Our first lesson brings us to Paul on his second missionary journey through Turkey and into Greece.

As we follow Paul through his missionary journeys, notice that he doesn’t seem to place the Kingdom of God in competition with worshiping in this world’s religions.

The world at the time had many who believed in different gods, comparing them one to another, asserting that this god was bigger and better than other gods. Much time would be spent putting down other gods and systems of worship. Both Paul and his disciples seem to have left this practice alone, and as he preaches to the world, we never see him putting down anyone’s practices or beliefs. When he teaches the churches in his epistles, he has lots to say about bad practices, but when he faces the world, he is never derogatory, but loving and understanding.

In other words, what Paul does do is preach Christ, not as a competitor among others for this world’s attention but as the rightful Ruler of God’s Kingdom, which has come into the world at large, calling all who will believe to Come to Him and submit to their King. There is no competition here—no name-calling or the belittling of another man’s values.

Paul simply holds up Jesus, and Jesus calls all men to come to Him, just as we see in Revelation, and in Jesus Prayer for us.

Now, returning to the text from Acts, we see something odd take place just before our text. Paul, the apostle, is confused about God’s direction, but following it anyway. Joined by Timothy and the Gospel writer Luke, Paul and Silas go to Central Turkey, to Galatia to preach and evangelize, but on the way, God closes that door.

Then they figure that God wants them to go to Northern or Western Turkey, and head off on that road, but the Lord again, by his Holy Spirit, closes another door.

It reminds me of Abraham, who followed the Lord’s directions all over the land. Abraham kept going where he thought he was supposed to go, and the Lord kept putting Abraham back on the path that he wanted.

So Paul, wearied with his journey, finds a port town, and there, asks God to show him where he is to go, and falls asleep.

In the midst of the night a vision appeared unto him. A man who by his accent and his attire Paul could tell was a Macedonian. And the man said to Paul, "Come over and help us."

Lots of commentators have fun with the text here, speculating as to why God, in his sovereignty, had Paul skip over certain towns in Turkey, and bring the Gospel to Europe. Why was it that God shut the door to Byzantium, and opened it in Philippi!
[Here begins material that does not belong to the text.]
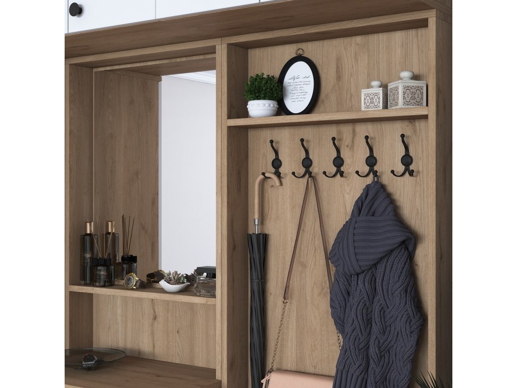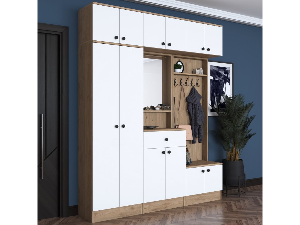 Předsíňová sestava je navržena tak, aby zajišťovala maximální funkčnost a stylový vzhled. Díky své vysoké konstrukci a kombinaci bílé barvy s dekorem ořechu dodává prostoru moderní a útulnou atmosféru. Sestava nabízí dostatek úložného prostoru a chytrých řešení pro organizaci vašich věcí.

Were the Philippians more worthy, or the people from Constantinople less worthy? It was of God's mercy that he sent the gospel at any time, to any people. But God has a purpose for closing doors, from time to time, only to open them for others at other times.

And now we turn to our text. "And a vision appeared to Paul in the night; There stood a man of Macedonia, who pleaded to him to Come over into Macedonia, and help us."

First, notice that the lesson shows us that the best help that can be given to anyone is the sharing of the gospel. "Come over and help us," that is, preach to us, which is what Paul did.

Secondly, we should notice that although we may have no great visions in the night, we are to be listening out for the call of those who need the Lord, the call to us which says, "Come over to us, and help us."

And then, lastly, I want to ask the question,

What do you intend to say to those, who are now asking you for the help of the gospel? Are you ready to answer those who ask you about your faith?

As the book of Revelation closes, Three important factors are shown. First, as Christ Prayed, we are made one as the Bride of Christ, arrayed in white robes which have been washed in His blood. He has made us one.

Secondly we are given a message, as Paul was, to listen for the cry of the world and respond, “Those who Thirst, come and find living water without price.”

And lastly, Christ says to us, “Behold I am coming quickly, and we respond “Maranatha” - “Come Lord Jesus.”